When you’re done using the camera, don’t forget to close the file descriptor.
All camera querying and configuration is done using the ioctl function. It’s used by passing an open file descriptor for the device, a constant that indicates the operation to be performed, and a pointer to some type depending on the indicated operation1.
Three different versions of ioctl are used to query the formats supported by a camera. They give the supported pixel formats, sizes (width and height), and frame intervals2. Querying is done in this same order. That is, each pixel format has its own supported frame sizes which then further restricts the supported frame intervals.
The pixel format is queried by calling ioctl with VIDIOC_ENUM_FMT as the second argument and a pointer to a v4l2_fmtdesc struct as the third argument. The v4l2_fmtdesc struct has an index field that indicates which pixel format is populated into the struct by the ioctl call. The index is then incremented and ioctl is called again until it returns an error code indicating that there are no more supported formats.
The list of possible pixel formats are found in the documentation.
Getting a list of supported sizes is a little trickier. You start by calling ioctl with VIDIOC_ENUM_FRAMESIZES and a pointer to a v4l2_frmsizeenum struct. But after the first call, you need to check if frame sizes are discrete or given as a minimum and maximum that can be adjusted in some step size.

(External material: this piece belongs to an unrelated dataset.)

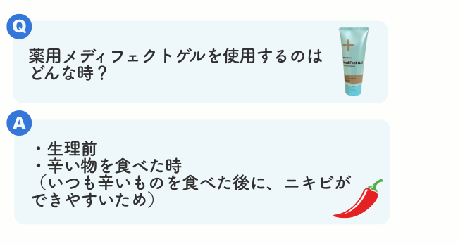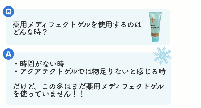 その上で、状況に合わせて薬用メディフェクトゲルと併用したり、上手に使い分けています。

Finally, the list of supported frame intervals is very similar to getting frame sizes. Call ioctl with VIDIOC_ENUM_FRAMEINTERVALS and a pointer to a v4l2_frmivalenum struct. The frame intervals can be given in discrete chunks, incremental steps, or any value within a specified range.
Selecting a Format
Setting the camera to use a particular format and size is done by filling out a v4l2_format struct and passing it to a ioctl call with VIDIOC_S_FMT. If you don’t specify a supported format and size, the driver will select a different one and modify the v4l2_format struct to indicate what’s being used instead.
After you set the format and size, you can change the frame interval as well. If you change this first, it might be reset to a default value. You can also reset it to default by setting the numerator and denominator to zero.
Capturing a Video Frame
There are multiple ways to capture a frame of video using V4L2. The simplest method is to just read from the file descriptor like it’s a file. Every sizeimage (returned by the ioctl(fd,VIDIOC_S_FMT,...); call) bytes read represents a single frame. Remember that the pixel format is probably not RGB so it usually needs to be converted before it can be used.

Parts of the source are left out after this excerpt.